On the other hand I know that professor Axler studied a problem related to a conjecture due to Mandl (see the first page of [1], is a free access journal).
Question. Let $q_k$ the sequence of twin primes, that is $q_k$ is the $kth$ term of A001359 Lesser of twin primes from The On-Line Encyclopedia of Integer Sequences. I am interested to know if is it possible to set conjecturally (on assumption of a form of the Twin Prime conjecture) a similar inequality than Mandl:
Find a functions $g(x)$ and $h(x)$ such that on assumption of the Twin Prime Conjecture, we can presume that there exists an integer $K_0$ satisfying that $$\sum_{\text{twin primes }q,q+2\leq q_k}q\leq g(k)q_{h(k)},$$ whenever $q_{h(k)}>K_0.$
Many thanks.
Remarks:
1) If you want to add definitions of interesting sequences inspired in your inequality for twin primes, as did Axler inspired in Mandl's inequality feel free to add it.
2) If you can/want to add statistics or plots about our means of twin primes doing a comparison with different functions $g(x)$ and $h(x)$, feel free to do it.

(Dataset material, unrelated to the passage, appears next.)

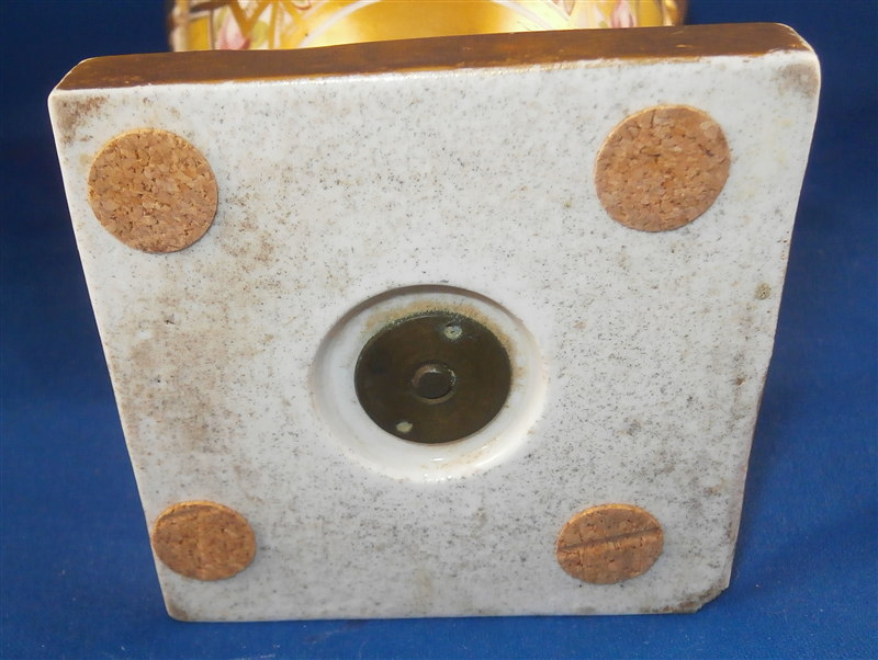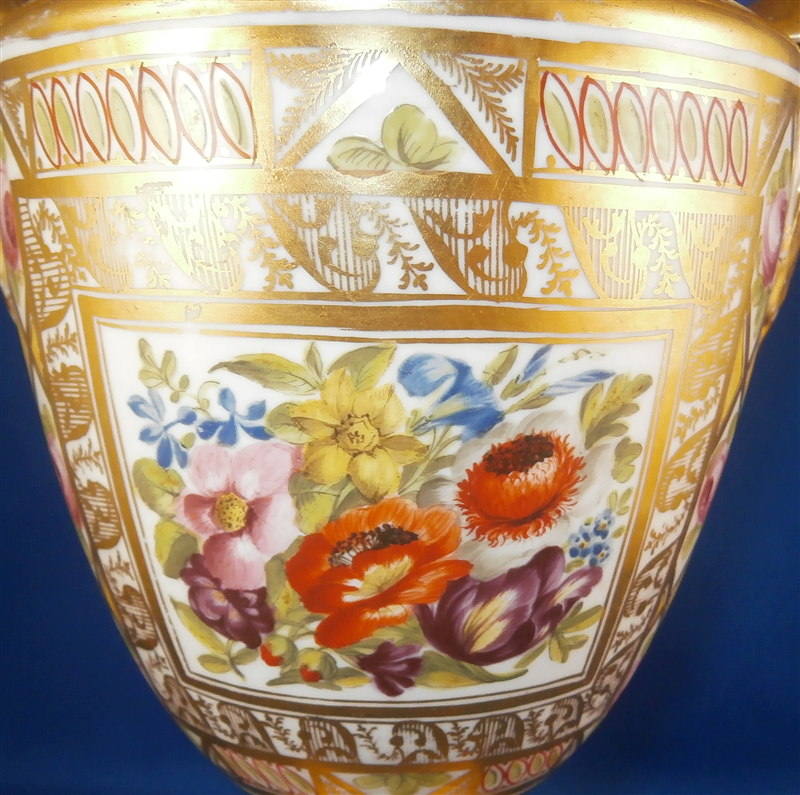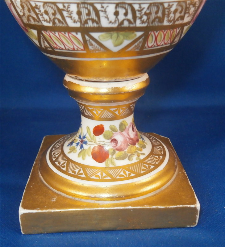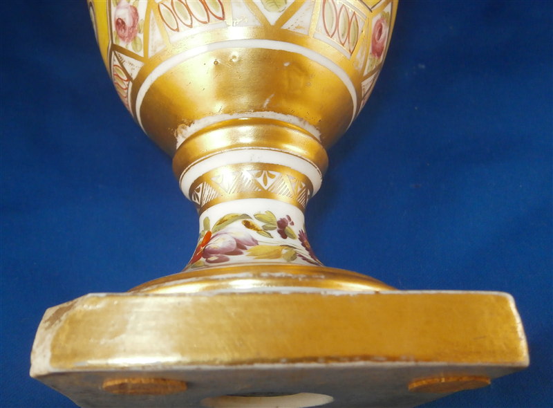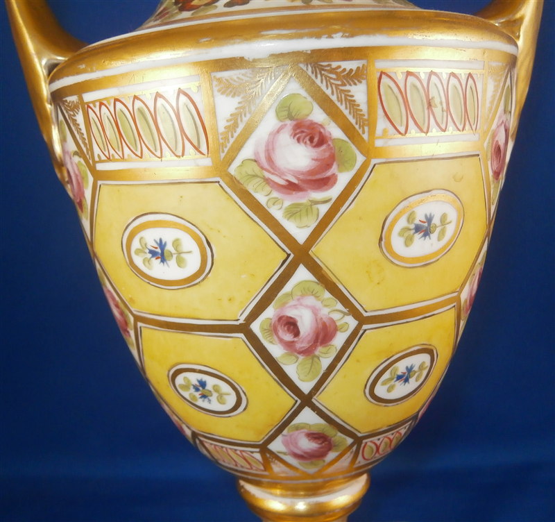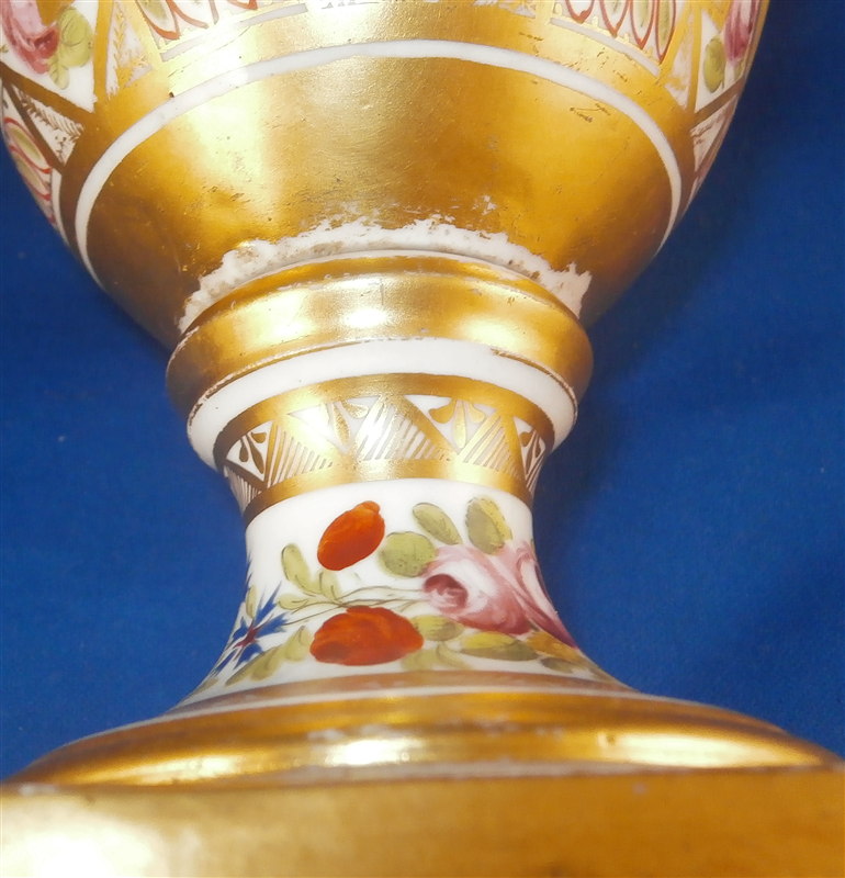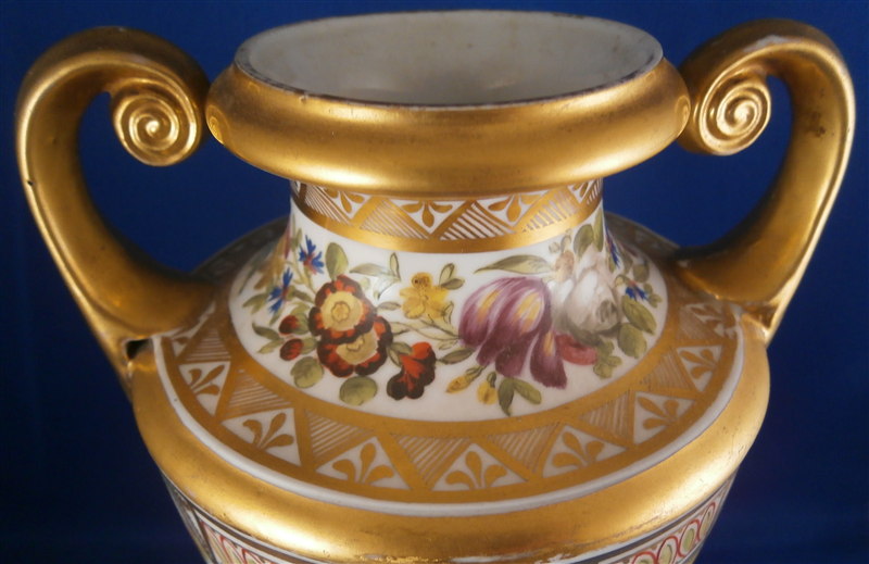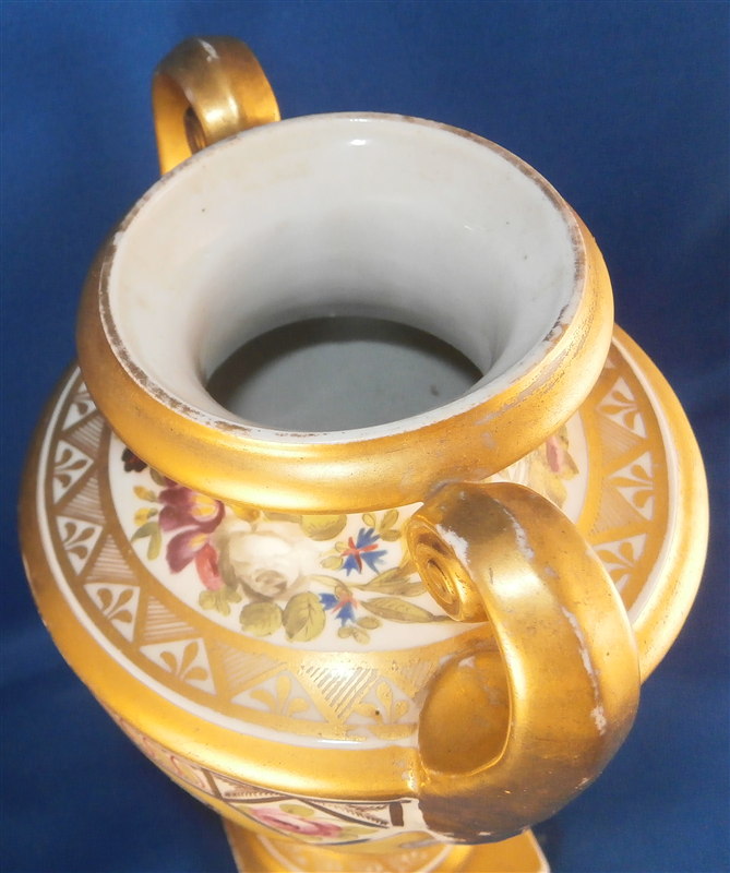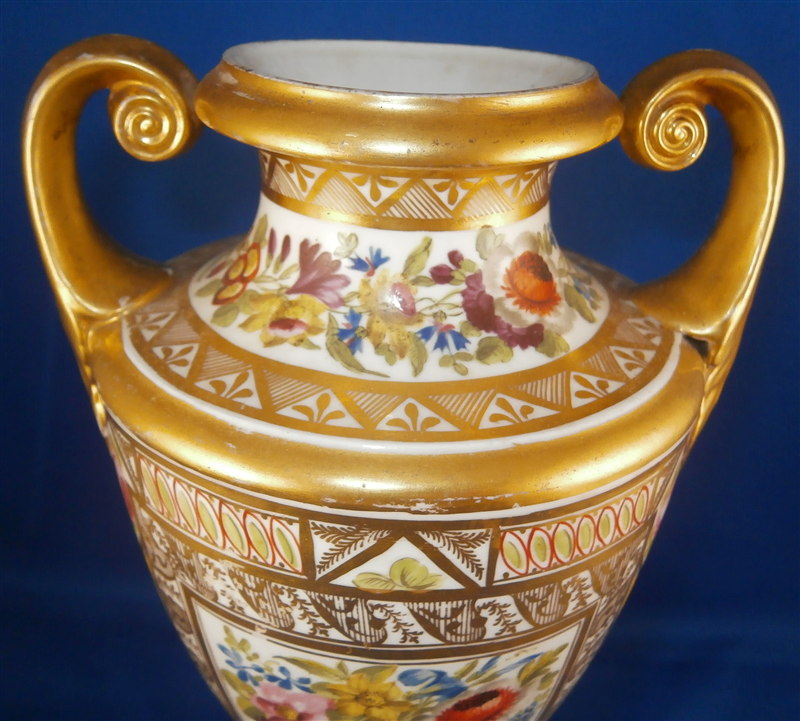 This is a great vase made by Coalport and likely London decorated by Thomas Baxter around 1810. The church gresley pattern is superb with lots of fancy gilding, lots of geometric patterns including yellow ground compartments with blue cornflowers in the center, roses, two floral garlands - one around the top and one around the foot and a great floral arrangement scene in the front center. Nice shape with two scroll handles. A top of the line piece in one of the more fun patterns of this period. The vase is in great condition with some very minor wear to the gilding in a few spots but nothing that distracts and a chip to a corner of the base. The piece is about 9 inches tall, 5.5 inches wide and 4.5 inches deep. Not marked but that is pretty normal! The same vase except converted to a lamp is available on Ruby Lane by another seller if you'd like a pair :) Please email me for more information or other pictures.

3) I don't know if this question was in the literature, feel free thus to study if you prefer the similar and different problem involving the terms of each twin prime pair $p$ and $p+2$ as summands of our mean $\sum_{\text{twin primes }p,p+2\leq x}p$.
References:
[1] Axler, On a Sequence Involving Prime Numbers, Journal of Integer Sequences, Vol. 18 (2015), Article 15.7.6.